I’m pretty tired after doing those four rooms, bathroom, bedroom, patio, kitchen. That isn’t the livingroom, office or hall… I think cleaning the garage (laundry area), hall, office and livingroom on a different day would be best, because I’m pretty tired after those 4 sections. The outside, could really use a lot of work too… I washed a load from the bathroom and one from the living room and folded one as well.
It was nice having friends over, when I cleaned the kitchen after we cooked, it was cleaner than this morning, the bathroom and patio were cleaner the bedroom was cleaner than this morning. It was nice having people over, I have curry for tomorrow, I enjoyed cooking the pizza. We covered some math, some computers, some digital art, did some cooking, had fun, it was nice.
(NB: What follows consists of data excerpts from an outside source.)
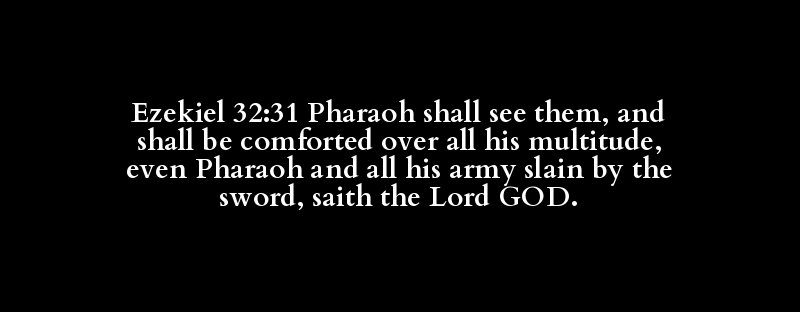 Ezekiel 32:31 Pharaoh shall see them, and shall be comforted over all his multitude, even Pharaoh and all his army slain by the sword, saith the Lord GOD.
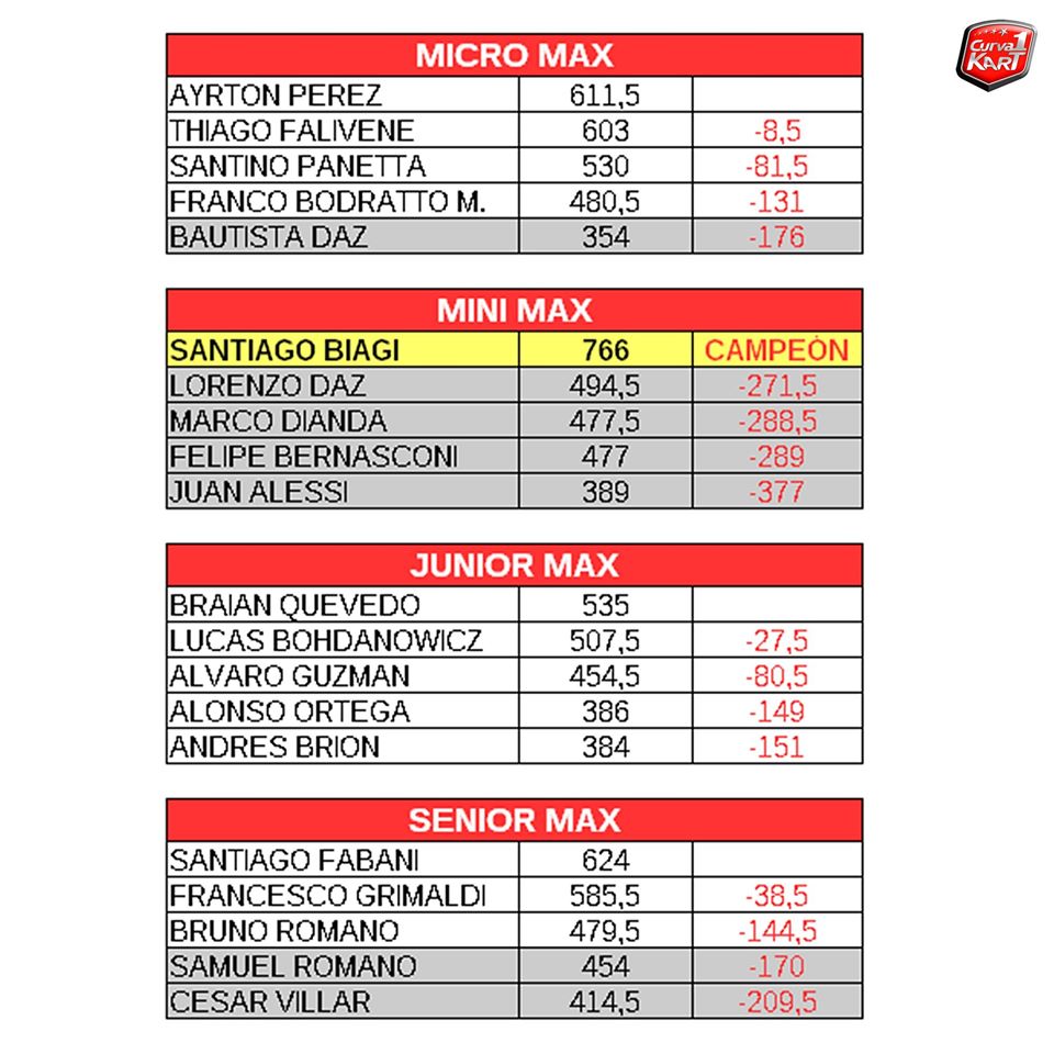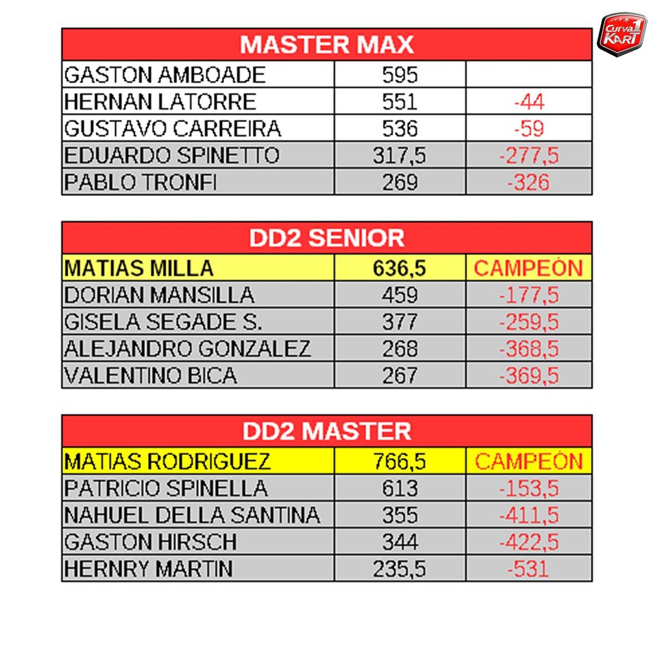 Te mostramos los pilotos que llegan con chances matemáticas de ser campeón, los que no y los consagrados: Santiago Biagi (Mini Max), Matías Millas (DD2 Senior) y Matías Rodríguez (DD2 Master).
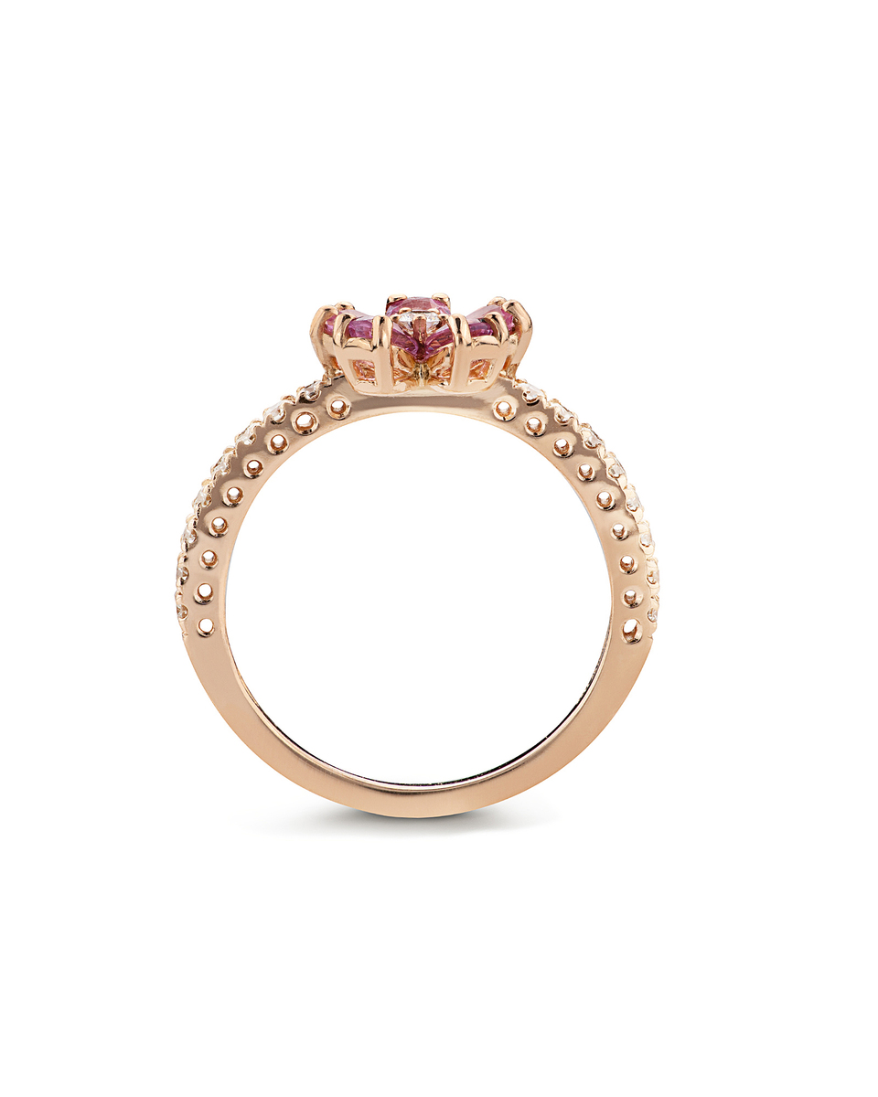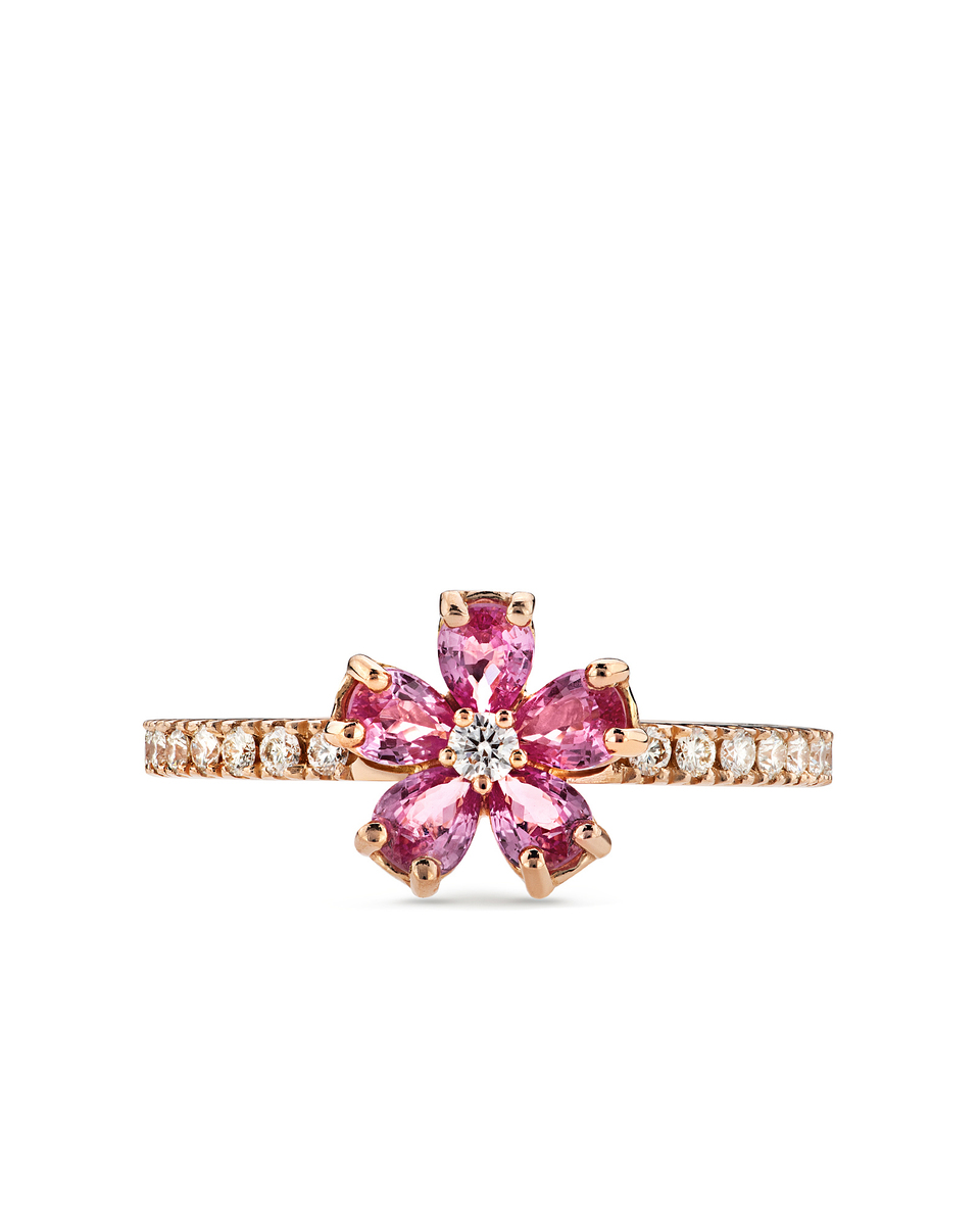 ANELLO FIORE DI CILIEGIO, ORO ROSA, DIAMANTI E ZAFFIRI ROSA
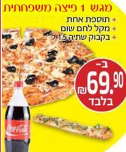 פיצה משפחתית +תוספת אחת+מקל לחם שום+בקבוק שתייה 1.5 ב- 69.90 ש"ח
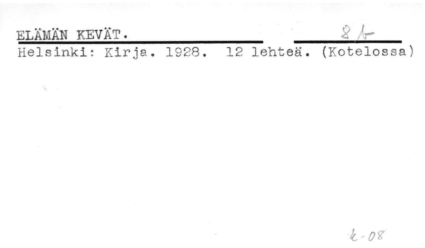 Kotimainen kaunokirjallisuus.
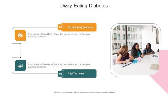 Introducing our well designed Dizzy Eating Diabetes In Powerpoint And Google Slides Cpb This PowerPoint design presents information on topics like Dizzy Eating Diabetes As it is predesigned it helps boost your confidence level. It also makes you a better presenter because of its high quality content and graphics. This PPT layout can be downloaded and used in different formats like PDF, PNG, and JPG. Not only this, it is available in both Standard Screen and Widescreen aspect ratios for your convenience. Therefore, click on the download button now to persuade and impress your audience. Our Dizzy Eating Diabetes In Powerpoint And Google Slides Cpb are topically designed to provide an attractive backdrop to any subject. Use them to look like a presentation pro.
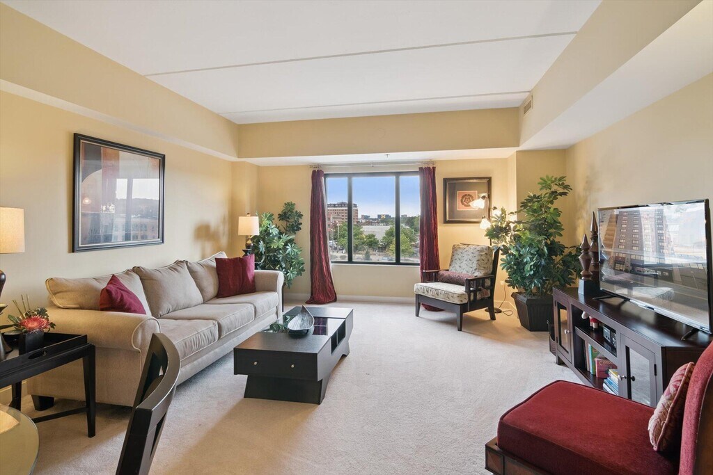 Feel the real pulse of Ann Arbor at Ashley Terrace! This professionally decorated and FULLY FURNISHED condo is just moments away from the best of Main Street restaurants and shops; special events like the Art Fair and Summer Festival; easy access to UM campus and hospital. Be greeted hardwood floors combined with lush carpeting and expansive windows which offer spectacular southern downtown views. The kitchen boasts granite countertops and stainless-steel appliances with a snack bar that overlooks the large dining/living room. Spacious primary bedroom includes large walk-in closet. In-unit laundry closet with washer and dryer,and ensuite bath,complete with step in shower,linen closet,and brightly lit vanity. Heat and water included.
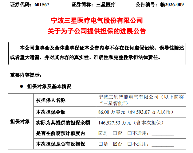 根據公告,本次擔保系三星醫療與三星智能聯合投標相關項目,依據標書履約要求推進實施。三星醫療作為擔保申請人,已向中國銀行寧波鄞州分行成功申請開立履約保函,保函金額為86萬美元,按開具當日匯率折算約合人民幣593.07萬元,擔保類型為項目履約擔保,期限自保函開立之日起至2026年12月21日止,全程覆蓋相關業務履約周期,為子公司項目交付、合同履約提供足額信用背書。?
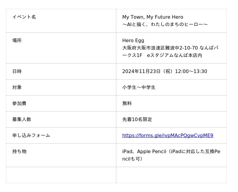 株式会社Meta Heroes(本社所在地:大阪府大阪市、代表取締役:松石和俊、以下「当社」)は、当社が運営するDX教育施設「Hero Egg(ヒーローエッグ)」(大阪・なんばパークス内)にて、元Apple米国本社副社長で、iPod miniの大ヒット仕掛け人として知られる前刀 禎明(さきとう よしあき)氏をお招きし、子どもの創造性を育む特別ワークショップ「My Town, My Future Hero 〜AIと描く、わたしのまちのヒーロー〜」を、2024年11月23日(祝)に無料開催します。
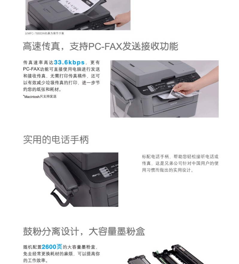 兄弟(brother)MFC-7480D 黑白激光多功能一体机(打印、复印、扫描、传真、自动双面打印)
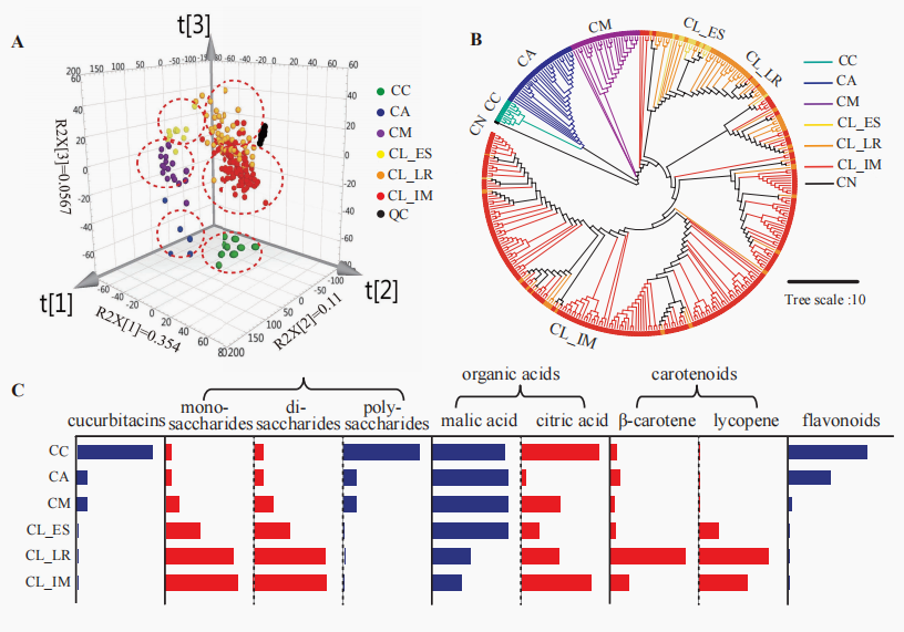 此外,研究还发现了一个调控葫芦素生物合成的新基因簇CGC1,该基因簇包含转录因子和结构基因。在该基因簇中,存在从转录因子ERFs到bHLHs再到结构基因GT、P450s、Bi这样的级联调控作用。本研究为西瓜驯化过程中果实代谢组学动态的研究提供了依据,也为了解作物代谢组学的驯化改良提供了有力途径。

I’m happy a student moved through coding, but of course it’s more the honor of being trusted with another student to diversify their education, that shows a lot of trust from their parent home schooling them and from the student as well. It’s good to be trusted, but do I deserve the trust? I hope so. I hope at least to keep becoming someone who can deserve the trust other people put in me.
When my week was ending I was getting ready for a cave trip with the scouts, looking for flints I already had, glow dinos ext, so that I didn’t feel like I had time to think about the past week, I think that was the first time I felt like there wasn’t time enough to think. I don’t know if I like it or fear it, I’ve spent a lot of life without thinking and I think I don’t want to go back to that.
Something new this week: Ran out of flour and used half-almond flour, we ate the pizza, but it did taste weird, almond is so good for cookies, but not so good for pizza. It was fun having the little kids make little pizzas they seemed to enjoy it and ate all their little pizzas, it was cute and I bet it was a happy moment for them not only to have pizza, but also to have some control of their creations.
Something good this week: I got to give two sunflower clippings and it was an honor, because that was something I had wanted to do, provide starts for the community from my garden.
Something unexpected: When my husband came back, it was as if he had never been gone, even though we are independent, we also get along fairly well, especially him and the kids, he does the right things for me, but then he says something mean, I would really enjoy his company if he just didn’t say mean and stupid things as much, but after 10 years I expect he just will continue to do so.